Colombian writer and poet (1945–2003)

María Mercedes Carranza (24 May 1945 – 11 July 2003) was a poet and journalist from Bogotá, Colombia, who spent most of her childhood in Spain.

== Biography ==

=== Early life ===
Carranza was the second child of Rosa Coronado and poet Eduardo Carranza. She was one of four children in the family. Her father was also a poet, he moved to Spain as cultural attache at the Colombian embassy in Madrid. María lived there from ages six to thirteen, with periods in Paris, and under the intellectual influence of her father and her maternal aunt, the poet Elisa Mújica who was also living in Spain during those years. "The fable of my childhood was woven by their legends and stories; with her I discovered the power of the word," Carranza said in an interview with Carlos Jáuregui.

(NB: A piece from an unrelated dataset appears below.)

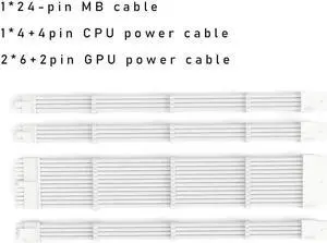 • Length: 1x M/B Cable: 610mm / Comb: 3pcs 2x CPU Cable: 700mm / Comb: 2pcs 1x PCIe Gen5 Cable: 750mm / Comb: 5pcs 2x SATA Cable: 950mm-500/150/150/150mm (90°/90°/90°/180°) 2x 2SATA/2Molex Cable: 810mm-450/120/120/120mm (90°/90°/180°/180°)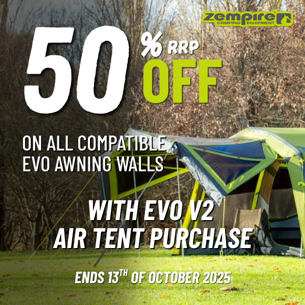 Now’s the perfect time! For a limited period, when you purchase a Zempire EVO V2 Air Tent, you’ll get the compatible Awning Wall Set at half price (RRP).

The family returned to Bogota, Colombia in 1958, where the young Maria Mercedes lived a difficult period of re-adaptation to her native country. "When I came back, I still played with dolls and didn't know how babies were born. I had left Spain and my childhood, and I felt a terrible cultural nostalgia that I faced with the decision to belong to Colombia".

=== Adulthood ===
She finished her secondary studies to become a bilingual secretary in Colombia. She would later study philosophy and literature, first in Madrid and intermittently between 1965 and 1978, in the University of Los Andes (Colombia) in Bogotá, where she graduated with a thesis on her father's work. This thesis later became one of the most authorized studies about Eduardo Carranza.

She promoted the writing of José Asunción Silva. Her work was sometimes referred to as "feminist", as it ridiculed giving women secondary roles, but Carranza rejected the feminist label as "imported" and not fitting her concern on class differences. She had political involvements, joining the 19th of April Movement when it became the M-19 Democratic Alliance. Juan Luis Panero was her second husband. She committed suicide on July 11, 2003, ingesting an overdose of antidepressants. Two of her closest friends had recently died and her brother Ramiro Carranza had been kidnapped by leftist guerilla group FARC.

== Career ==
Carranza published her first book of poetry, Vainas y otros poemas, in 1972.

The final collection published during her lifetime, 1997's El canto de las moscas is an overtly political reflection on violence in contemporary Colombia through the sites of massacres.